The number of men in college fell more than seven times more steeply during Covid than the number of women, accelerating a trend that has now resulted in women outnumbering men on campus by nearly two to one.
While enrollment in higher education overall fell 2.5 percent in the fall, or by more than 461,000 students compared to the fall of 2019, the decline among men was more than seven times as steep as the decline among women, according to an analysis of figures from the National Student Clearinghouse Research Center.
The Hechinger Report’s Jon Marcus joins the WOSU public radio program “All Sides with Ann Fisher” to discuss this trend here.
Women now comprise nearly 60 percent of enrollment in universities and colleges and men just over 40 percent, the research center reports. Fifty years ago, the gender proportions were reversed.
Among the reasons: Boys are more likely than girls as early as elementary school to be held back, a Brown University researcher found. They are almost 9 percentage points less likely to graduate from high school, according to the U.S. Department of Education.
The pandemic has also opened more jobs for young men without college educations, at grocery stores and at Amazon, FedEx and other delivery companies, college counselors say.

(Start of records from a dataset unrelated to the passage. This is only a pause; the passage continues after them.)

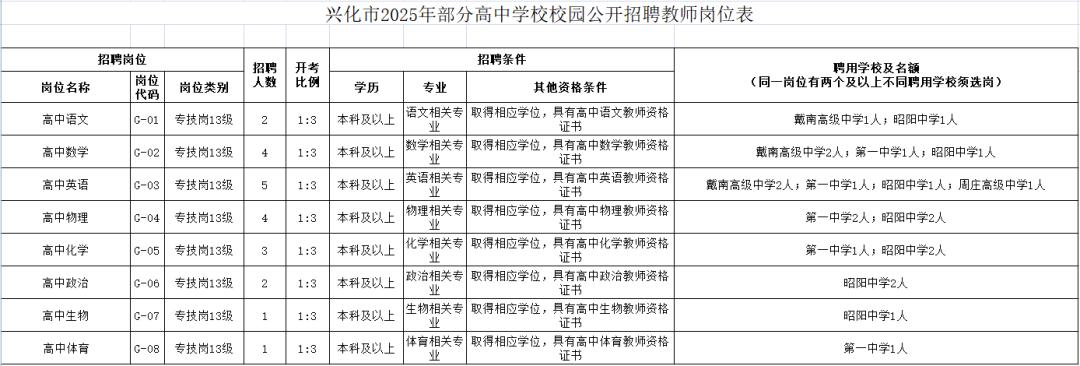 为进一步加强师资队伍建设,优化师资队伍结构,为提高教育教学质量奠定坚实基础,兴化市教育局将根据《江苏省事业单位公开招聘人员方法》、《关于进一步做好全省中小学新教师公开招聘工作的意见》、《关于进一步做好全市中小学教师公开招聘工作的通知》精神,赴相关高校招聘22名紧缺学科教师全额拨款。
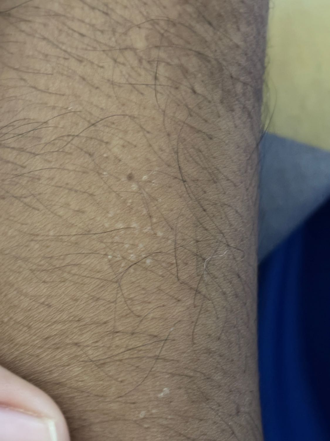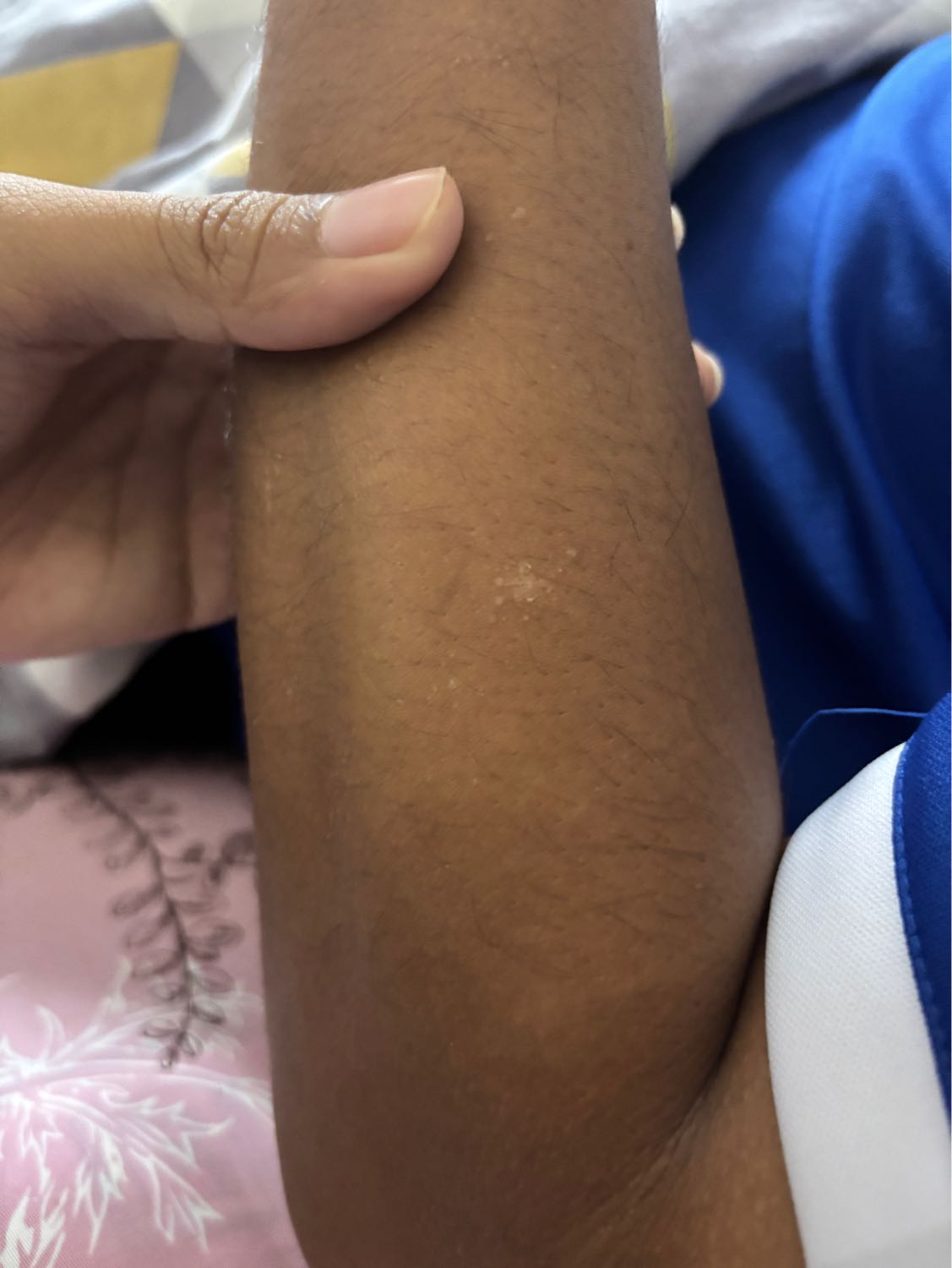 แขนมีรอยขาวๆจุดเล็กๆ ขึ้นบริเวณรูขุมขน ไม่มีตุ่มนูน มันเรียบไปกับผิว เพียงแค่เป็นจุดขาวๆ
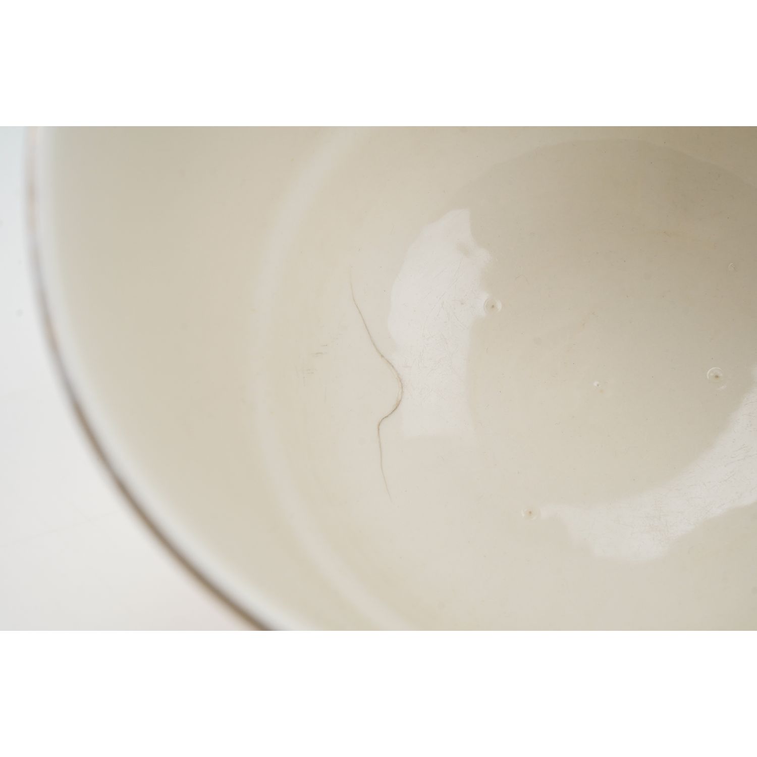 Stan dobry z włosowatym pęknięciem widocznym bardziej od wewnątrz, Otarcia złocenia na górnej krawędzi.

Those can lead to quick and early incomes for high school students reluctant to invest the time and money it costs to get degrees. But their head start may be deceptive. Graduates with bachelor’s degrees still generally make more than people with lesser credentials.
Unemployment for people without degrees, nationwide, rose more than twice as fast during the pandemic as unemployment for people with them, the Federal Reserve Bank of San Francisco found.